◆ **WHAT YOU NEED TO DO**: Below are some records. Print exactly the lines between the one holding "新款可爱卡通团扇迷你布面折扇口袋圆扇儿童便携随身折叠扇子批发" and the one holding "Mint, never used!", inclusive, and nothing else.

START RECORDED INFORMATION

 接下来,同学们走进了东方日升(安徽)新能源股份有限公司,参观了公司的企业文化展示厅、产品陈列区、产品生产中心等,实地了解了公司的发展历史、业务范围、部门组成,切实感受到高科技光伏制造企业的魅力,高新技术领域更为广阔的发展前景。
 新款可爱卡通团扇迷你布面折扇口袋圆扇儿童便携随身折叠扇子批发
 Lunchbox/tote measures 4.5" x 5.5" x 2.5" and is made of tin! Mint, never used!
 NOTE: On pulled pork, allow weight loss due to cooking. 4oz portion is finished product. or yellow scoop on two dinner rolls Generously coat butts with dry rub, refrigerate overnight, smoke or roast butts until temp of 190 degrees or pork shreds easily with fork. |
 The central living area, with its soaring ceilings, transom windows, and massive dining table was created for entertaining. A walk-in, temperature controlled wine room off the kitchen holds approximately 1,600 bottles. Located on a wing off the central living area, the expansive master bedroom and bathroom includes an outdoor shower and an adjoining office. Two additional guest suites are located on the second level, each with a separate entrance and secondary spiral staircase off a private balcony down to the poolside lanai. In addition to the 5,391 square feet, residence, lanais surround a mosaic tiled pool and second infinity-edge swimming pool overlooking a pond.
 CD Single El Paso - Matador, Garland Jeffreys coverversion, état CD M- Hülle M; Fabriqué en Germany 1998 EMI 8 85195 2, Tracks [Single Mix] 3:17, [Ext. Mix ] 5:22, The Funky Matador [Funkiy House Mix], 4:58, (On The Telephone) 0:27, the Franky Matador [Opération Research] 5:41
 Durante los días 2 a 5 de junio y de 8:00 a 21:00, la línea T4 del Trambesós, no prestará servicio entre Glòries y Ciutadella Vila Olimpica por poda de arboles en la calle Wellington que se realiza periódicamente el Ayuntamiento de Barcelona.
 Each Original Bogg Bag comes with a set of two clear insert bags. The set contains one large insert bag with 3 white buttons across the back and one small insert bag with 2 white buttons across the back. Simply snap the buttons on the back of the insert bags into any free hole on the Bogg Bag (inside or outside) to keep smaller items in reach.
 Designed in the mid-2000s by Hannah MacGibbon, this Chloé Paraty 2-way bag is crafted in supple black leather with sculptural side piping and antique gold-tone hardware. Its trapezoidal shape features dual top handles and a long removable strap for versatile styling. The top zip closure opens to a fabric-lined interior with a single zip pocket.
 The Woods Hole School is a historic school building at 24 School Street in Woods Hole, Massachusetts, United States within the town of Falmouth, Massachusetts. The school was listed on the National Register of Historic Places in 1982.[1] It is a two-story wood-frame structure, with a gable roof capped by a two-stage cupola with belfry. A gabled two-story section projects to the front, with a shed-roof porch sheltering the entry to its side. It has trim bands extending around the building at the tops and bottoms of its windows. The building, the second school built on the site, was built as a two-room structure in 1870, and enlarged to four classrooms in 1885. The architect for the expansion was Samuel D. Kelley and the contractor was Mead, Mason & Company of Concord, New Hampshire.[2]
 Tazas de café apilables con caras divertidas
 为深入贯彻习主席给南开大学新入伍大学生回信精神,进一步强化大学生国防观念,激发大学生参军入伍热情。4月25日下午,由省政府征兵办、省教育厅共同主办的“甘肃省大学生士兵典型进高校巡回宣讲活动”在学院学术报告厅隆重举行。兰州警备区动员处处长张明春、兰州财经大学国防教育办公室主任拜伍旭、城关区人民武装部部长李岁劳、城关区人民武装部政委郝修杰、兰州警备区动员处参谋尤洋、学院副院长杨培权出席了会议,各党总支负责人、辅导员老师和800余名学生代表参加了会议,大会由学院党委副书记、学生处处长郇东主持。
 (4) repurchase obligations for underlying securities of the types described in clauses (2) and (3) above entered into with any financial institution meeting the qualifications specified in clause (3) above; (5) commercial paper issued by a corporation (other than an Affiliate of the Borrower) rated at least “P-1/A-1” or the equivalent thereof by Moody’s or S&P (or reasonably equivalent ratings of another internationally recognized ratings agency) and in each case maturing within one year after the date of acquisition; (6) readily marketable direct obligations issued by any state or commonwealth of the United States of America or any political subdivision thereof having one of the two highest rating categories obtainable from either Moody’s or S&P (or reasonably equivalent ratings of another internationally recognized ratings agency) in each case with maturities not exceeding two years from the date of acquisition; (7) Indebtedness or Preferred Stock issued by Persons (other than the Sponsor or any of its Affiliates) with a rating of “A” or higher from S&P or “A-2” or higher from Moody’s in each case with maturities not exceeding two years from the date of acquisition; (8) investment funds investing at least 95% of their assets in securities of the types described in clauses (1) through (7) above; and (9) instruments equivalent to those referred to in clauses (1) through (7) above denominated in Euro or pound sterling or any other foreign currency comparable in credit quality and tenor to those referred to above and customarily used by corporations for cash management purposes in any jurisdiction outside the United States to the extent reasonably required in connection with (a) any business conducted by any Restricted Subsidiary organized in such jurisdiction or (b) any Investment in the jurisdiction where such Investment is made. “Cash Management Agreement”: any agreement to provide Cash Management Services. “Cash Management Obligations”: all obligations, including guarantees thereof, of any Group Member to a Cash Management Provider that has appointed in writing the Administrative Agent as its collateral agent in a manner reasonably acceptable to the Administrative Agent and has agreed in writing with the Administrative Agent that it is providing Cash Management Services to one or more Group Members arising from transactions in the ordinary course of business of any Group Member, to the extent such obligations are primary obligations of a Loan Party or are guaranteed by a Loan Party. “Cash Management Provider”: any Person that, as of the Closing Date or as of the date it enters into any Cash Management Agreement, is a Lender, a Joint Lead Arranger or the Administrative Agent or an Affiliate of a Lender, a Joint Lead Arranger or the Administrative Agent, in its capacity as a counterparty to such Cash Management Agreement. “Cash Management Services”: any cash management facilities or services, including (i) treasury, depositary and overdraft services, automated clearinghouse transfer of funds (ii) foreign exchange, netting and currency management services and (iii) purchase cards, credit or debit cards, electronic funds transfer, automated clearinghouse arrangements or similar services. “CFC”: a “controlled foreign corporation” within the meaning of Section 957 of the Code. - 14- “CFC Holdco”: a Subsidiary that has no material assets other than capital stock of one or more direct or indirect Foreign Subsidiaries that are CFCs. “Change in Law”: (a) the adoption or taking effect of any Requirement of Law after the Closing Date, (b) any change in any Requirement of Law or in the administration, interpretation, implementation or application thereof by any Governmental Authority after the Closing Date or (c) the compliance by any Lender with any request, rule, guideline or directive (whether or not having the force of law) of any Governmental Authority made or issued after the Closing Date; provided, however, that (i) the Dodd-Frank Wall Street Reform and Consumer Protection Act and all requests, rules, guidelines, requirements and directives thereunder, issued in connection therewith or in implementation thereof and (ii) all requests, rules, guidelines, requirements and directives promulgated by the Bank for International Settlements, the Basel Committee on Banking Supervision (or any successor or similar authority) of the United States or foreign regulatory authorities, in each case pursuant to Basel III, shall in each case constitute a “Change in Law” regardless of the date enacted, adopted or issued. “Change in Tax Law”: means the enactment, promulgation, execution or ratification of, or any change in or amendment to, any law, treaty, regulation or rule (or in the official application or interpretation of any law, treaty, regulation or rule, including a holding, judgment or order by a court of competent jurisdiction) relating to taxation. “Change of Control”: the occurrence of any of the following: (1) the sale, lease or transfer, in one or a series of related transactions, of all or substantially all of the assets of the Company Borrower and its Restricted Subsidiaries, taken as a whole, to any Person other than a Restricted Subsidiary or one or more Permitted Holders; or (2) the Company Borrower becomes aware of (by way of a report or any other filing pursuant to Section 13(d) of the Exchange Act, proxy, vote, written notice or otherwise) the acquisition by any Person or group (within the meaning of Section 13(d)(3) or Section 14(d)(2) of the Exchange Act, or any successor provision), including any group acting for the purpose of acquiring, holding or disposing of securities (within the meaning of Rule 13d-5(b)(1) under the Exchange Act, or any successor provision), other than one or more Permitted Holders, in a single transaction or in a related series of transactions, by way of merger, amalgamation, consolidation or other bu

END RECORDED INFORMATION

◆ **SOLUTION TO THIS PROBLEM**:
 新款可爱卡通团扇迷你布面折扇口袋圆扇儿童便携随身折叠扇子批发
 Lunchbox/tote measures 4.5" x 5.5" x 2.5" and is made of tin! Mint, never used!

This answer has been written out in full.